• Problem details
Print the data exactly. Omit the pictures.

+++ Given material

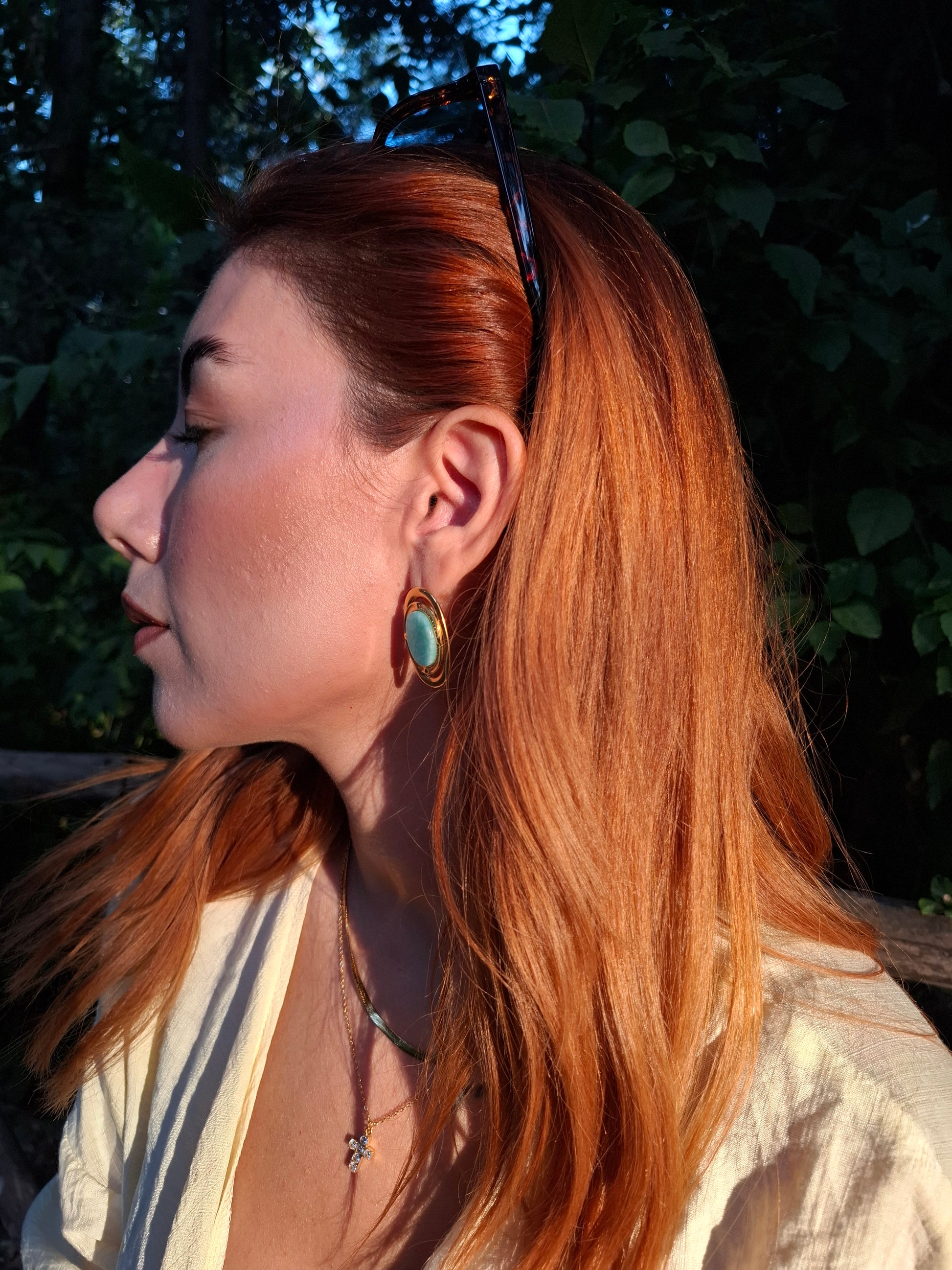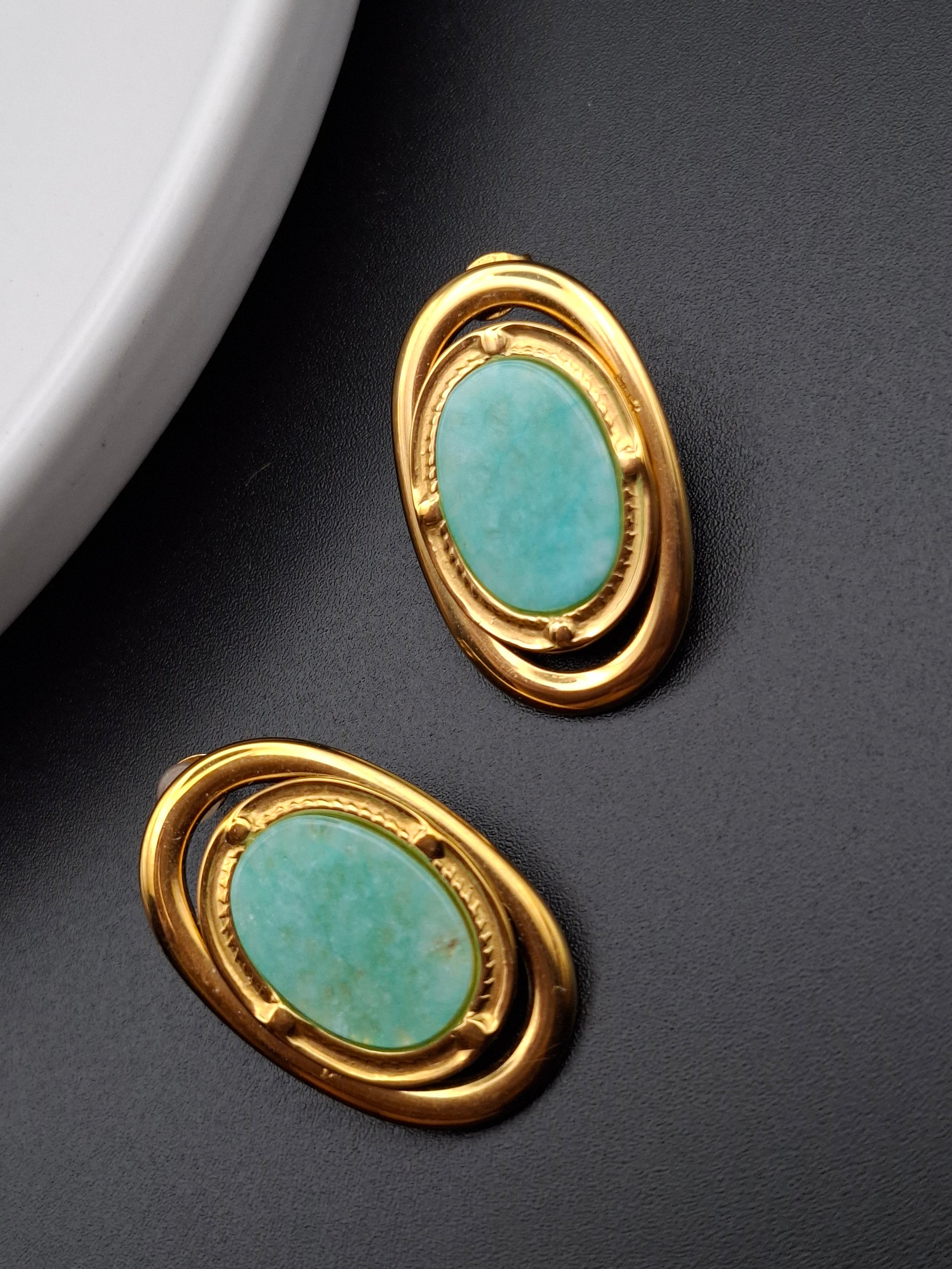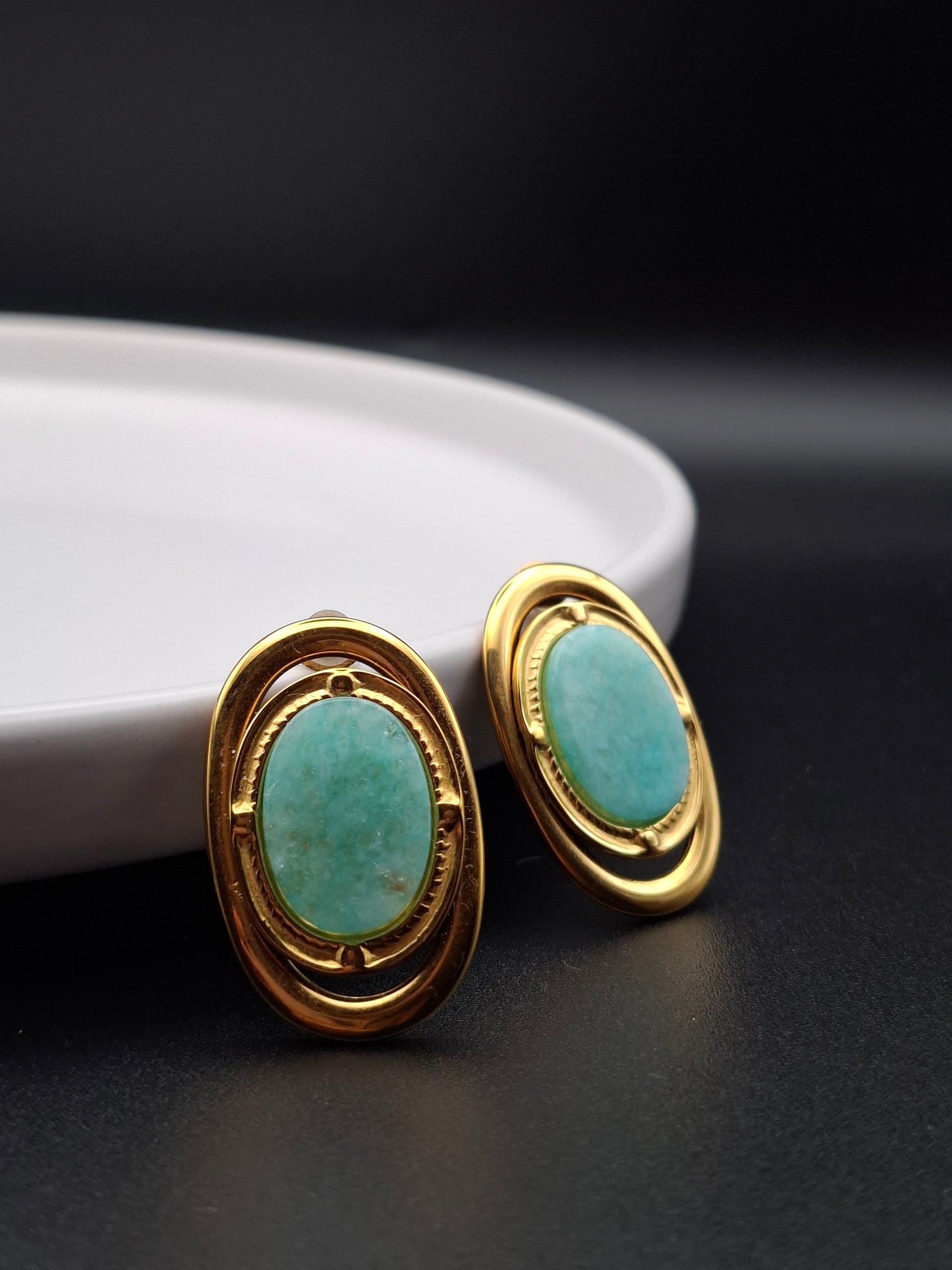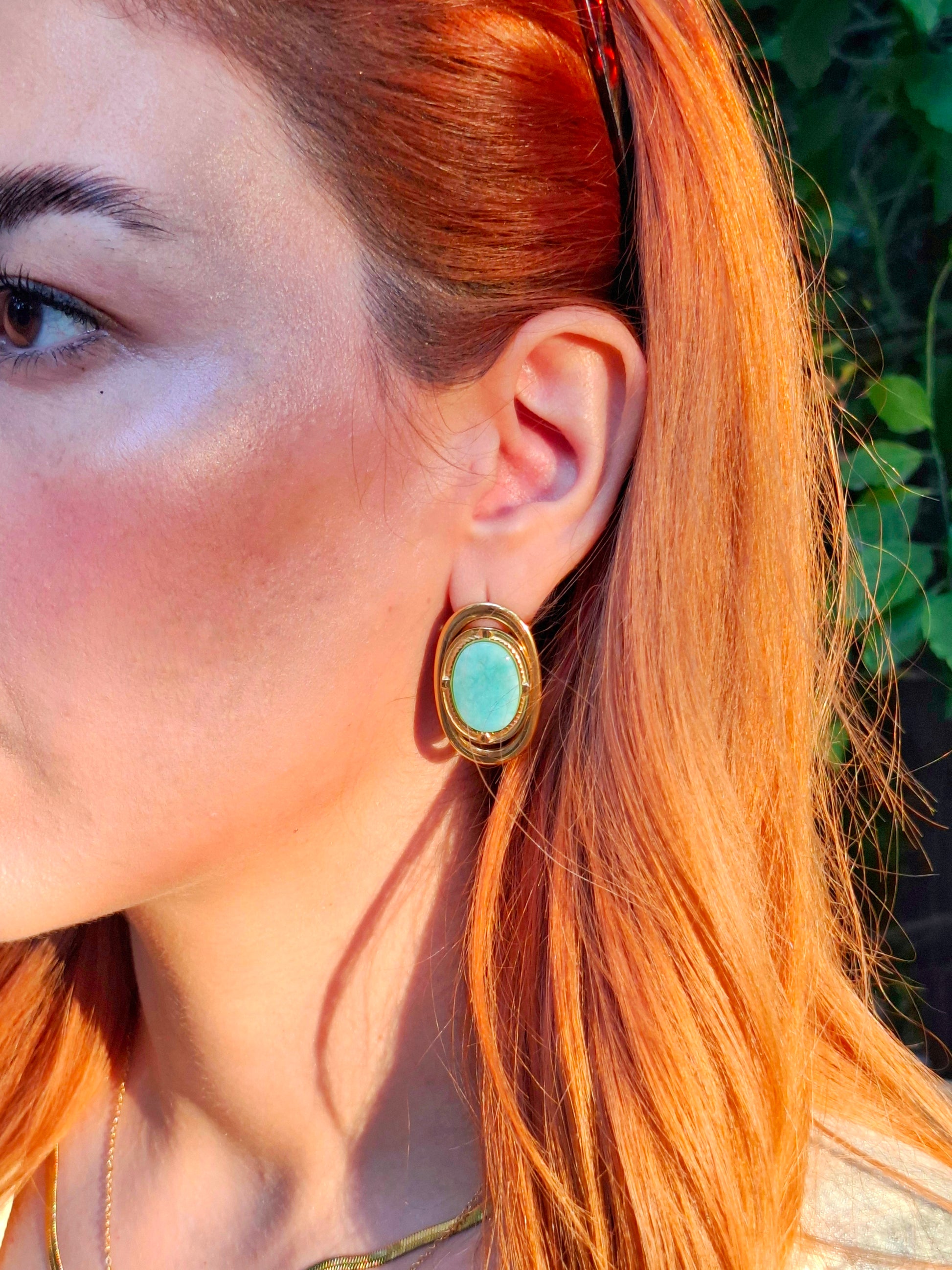 Το εντυπωσιακό τιρκουάζ κεντρικό στοιχείο, πλαισιωμένο από κομψό χρυσό τόνο, χαρίζει διαχρονική φινέτσα και λάμψη σε κάθε εμφάνιση.
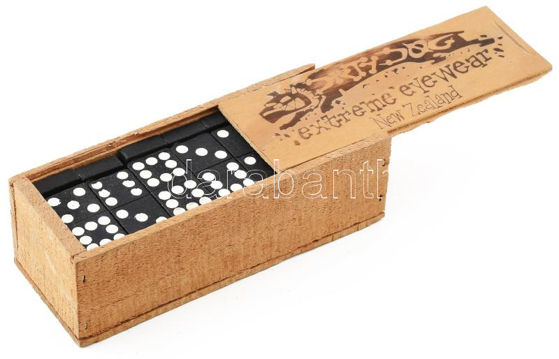 Dominó készlet, festett fa, kissé sérült fadobozban, 17x7x5,5 cm https://www.darabanth.com/hu/446-Gyorsarveres/446.0/Mutargy-papirregiseg-egyeb/Jatekok~500015/Domino-keszlet-festett-fa-kisse-serult-fadobozban-17x7x5-5-cm~II2947752
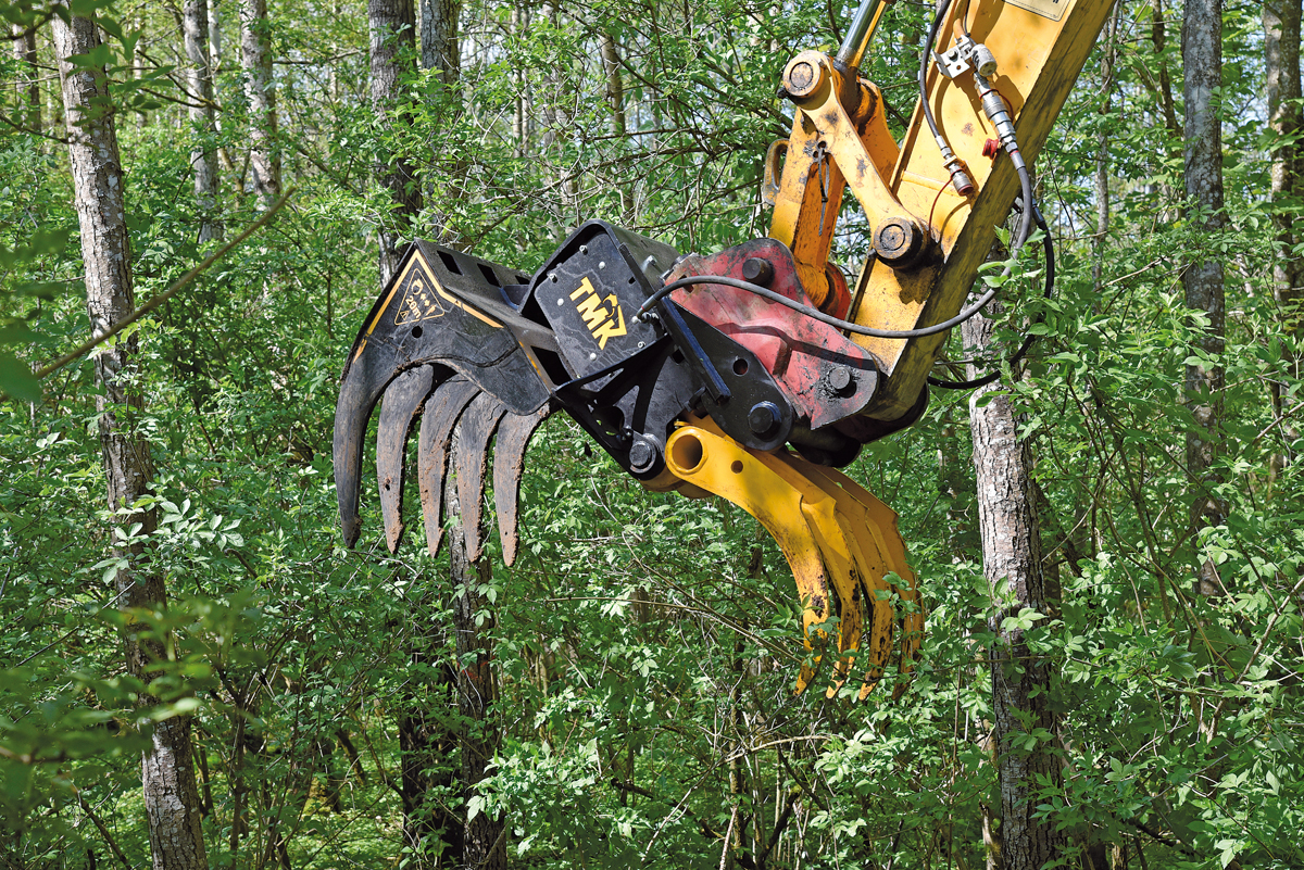 Das Verbindungselement lässt sich hydraulisch sowie elektrisch ansteuern. Die scherenartige Schnittbewegung hinterlässt Herstellerangaben zufolge einen sauberen Schnitt und zieht kein Gestrüpp an den Wurzeln hoch. Auch große Bäume, so Riedelsberger, bleiben fest im Griff an der Basis des Messers, nahe dem Greifer, wo die meiste Klemmkraft entsteht. Der empfohlene Arbeitsdruck der TMK 150 liegt, je nach Zylinder, bei rund 180 bar. Im Baumscheren-Segment finden sich außerdem die Ausführungen TMK 200, 300 und 400 – die Zahlen stehen jeweils für den maximal schneidbaren Baum-Durchmesser. d

++++++

• Output of the exercise
 Το εντυπωσιακό τιρκουάζ κεντρικό στοιχείο, πλαισιωμένο από κομψό χρυσό τόνο, χαρίζει διαχρονική φινέτσα και λάμψη σε κάθε εμφάνιση.
 Dominó készlet, festett fa, kissé sérült fadobozban, 17x7x5,5 cm https://www.darabanth.com/hu/446-Gyorsarveres/446.0/Mutargy-papirregiseg-egyeb/Jatekok~500015/Domino-keszlet-festett-fa-kisse-serult-fadobozban-17x7x5-5-cm~II2947752
 Das Verbindungselement lässt sich hydraulisch sowie elektrisch ansteuern. Die scherenartige Schnittbewegung hinterlässt Herstellerangaben zufolge einen sauberen Schnitt und zieht kein Gestrüpp an den Wurzeln hoch. Auch große Bäume, so Riedelsberger, bleiben fest im Griff an der Basis des Messers, nahe dem Greifer, wo die meiste Klemmkraft entsteht. Der empfohlene Arbeitsdruck der TMK 150 liegt, je nach Zylinder, bei rund 180 bar. Im Baumscheren-Segment finden sich außerdem die Ausführungen TMK 200, 300 und 400 – die Zahlen stehen jeweils für den maximal schneidbaren Baum-Durchmesser. d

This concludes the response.